I am trying to run the model on a image but I get an error:
ocrd-detectron2-segment -I imgpath -O outpath -P categories '["TableRegion"]' -P model_config TableBank_X152.yaml -P model_weights TableBank_X152.pth -P min_confidence 0.1
Traceback (most recent call last):
File "/Users/maurosciancalepore/miniconda3/envs/detectron/bin/ocrd-detectron2-segment", line 8, in <module>
sys.exit(ocrd_detectron2_segment())
File "/Users/maurosciancalepore/miniconda3/envs/detectron/lib/python3.9/site-packages/click/core.py", line 1130, in __call__
return self.main(*args, **kwargs)
File "/Users/maurosciancalepore/miniconda3/envs/detectron/lib/python3.9/site-packages/click/core.py", line 1055, in main
rv = self.invoke(ctx)
File "/Users/maurosciancalepore/miniconda3/envs/detectron/lib/python3.9/site-packages/click/core.py", line 1404, in invoke
return ctx.invoke(self.callback, **ctx.params)
File "/Users/maurosciancalepore/miniconda3/envs/detectron/lib/python3.9/site-packages/click/core.py", line 760, in invoke
return __callback(*args, **kwargs)
File "/Users/maurosciancalepore/miniconda3/envs/detectron/lib/python3.9/site-packages/ocrd_detectron2/cli.py", line 9, in ocrd_detectron2_segment
return ocrd_cli_wrap_processor(Detectron2Segment, *args, **kwargs)
File "/Users/maurosciancalepore/miniconda3/envs/detectron/lib/python3.9/site-packages/ocrd/decorators/__init__.py", line 68, in ocrd_cli_wrap_processor
workspace = resolver.workspace_from_url(mets, working_dir)
File "/Users/maurosciancalepore/miniconda3/envs/detectron/lib/python3.9/site-packages/ocrd/resolver.py", line 166, in workspace_from_url
self.download_to_directory(dst_dir, mets_url, basename=mets_basename, if_exists='overwrite' if clobber_mets else 'skip')
File "/Users/maurosciancalepore/miniconda3/envs/detectron/lib/python3.9/site-packages/ocrd/resolver.py", line 82, in download_to_directory
raise FileNotFoundError("File path passed as 'url' to download_to_directory does not exist: %s" % url)
FileNotFoundError: File path passed as 'url' to download_to_directory does not exist: /Users/maurosciancalepore/my_project/saturday/ocrd_detectron2/mets.xml
Can you give me some guidance?
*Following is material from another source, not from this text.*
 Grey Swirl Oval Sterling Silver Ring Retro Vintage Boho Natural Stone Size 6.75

An example of actual, working usage would be appreciated too. nice job btw
Hi @masc-it!
I get a feeling you expect imgpath
and outpath
to be a normal path name (perhaps even file name). But OCR-D uses METS-XML as container to manage documents (comprised of many files referenced as local paths or URLs, but organised in fileGrps). Hence this wrapper. The Readme contains links to what METS is and what an OCR-D processor must do.
If you just want to process some images, you can install OCR-D and do ocrd-import path/to/directory
to get a fresh METS, which can then be used by ocrd-detectron2-segment. Beware though that due to the postprocessing, this tool also requires to run a binarization processor prior.
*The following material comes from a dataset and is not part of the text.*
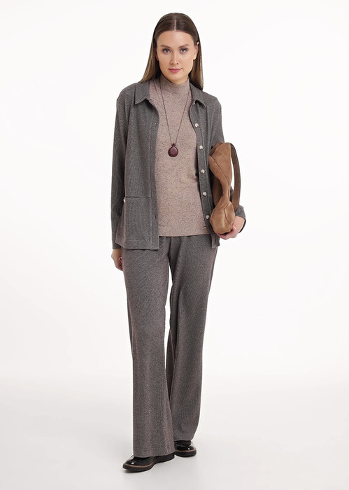 Широкие брюки из трикотажного полотна рибана с вискозой. Модель свободного, прямого кроя. Притачной пояс на внутренней резинке.

I'll publish a full CI working example shortly.
See make test
in https://github.com/bertsky/ocrd_detectron2/blob/master/Makefile or https://github.com/bertsky/ocrd_detectron2/blob/master/.github/workflows/python-app.yml (test results downloadable as artifact).
This runs a complete command line example on
- 4 Detectron2 models
- 2 OCR-D workspaces
- Python 3.7, 3.8 and 3.9
In there, I used ocrd-skimage-binarize for binarization – not because it's the best or fastest method, but because it is pure Python and needs no extra model downloads.
Perhaps for those who don't want OCR-D interfaces, but do like to have a single tool for multiple models, and perhaps even my postprocessing, I can write a standalone API and CLI that does not depend on METS-XML and PAGE-XML.